Development: DeepEval (CI/CD quality gate)
Adversarial: promptfoo (pre-launch red team, minimum 1 campaign)
Production: Langfuse (EU Cloud acceptable)
Documentation: promptfoo JSON report + DeepEval CI artifacts
Expected setup time: 3–5 days.
What This Checklist Doesn’t Cover
- Deployer obligations — if you are operating a third-party AI system (not building it), you have separate obligations under Art. 26. This checklist is for providers.

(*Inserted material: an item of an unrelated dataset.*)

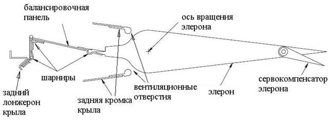 Балансировочные панели представляют собой панели соединяющие переднюю кромку элерона с задним лонжероном крыла с помощью шарнирных соединений. При отклонении элерона, например, вниз - на нижней поверхности крыла в зоне элерона возникает зона повышенного давления, а на верхней – разрежения. Этот перепад давления распространяется в зону между передней кромкой элерона и крылом и, воздействуя на балансировочную панель, уменьшает шарнирный момент элерона.

- GPAI model compliance — if you are deploying a general-purpose AI model (not a specific-purpose system), the Chapter V rules apply instead.
- Notified body conformity assessment — for some Annex III categories, a third-party conformity assessment by a notified body is required. This checklist prepares you for that assessment; it doesn’t replace it.
- Sector-specific regulation — AI in medical devices (MDR), financial services (DORA), or aviation operates under additional sector rules that interact with the AI Act.
This checklist reflects EU AI Act OJ L 2024/1689. It is practical guidance, not legal advice. Engage a notified body and legal counsel for formal conformity assessment.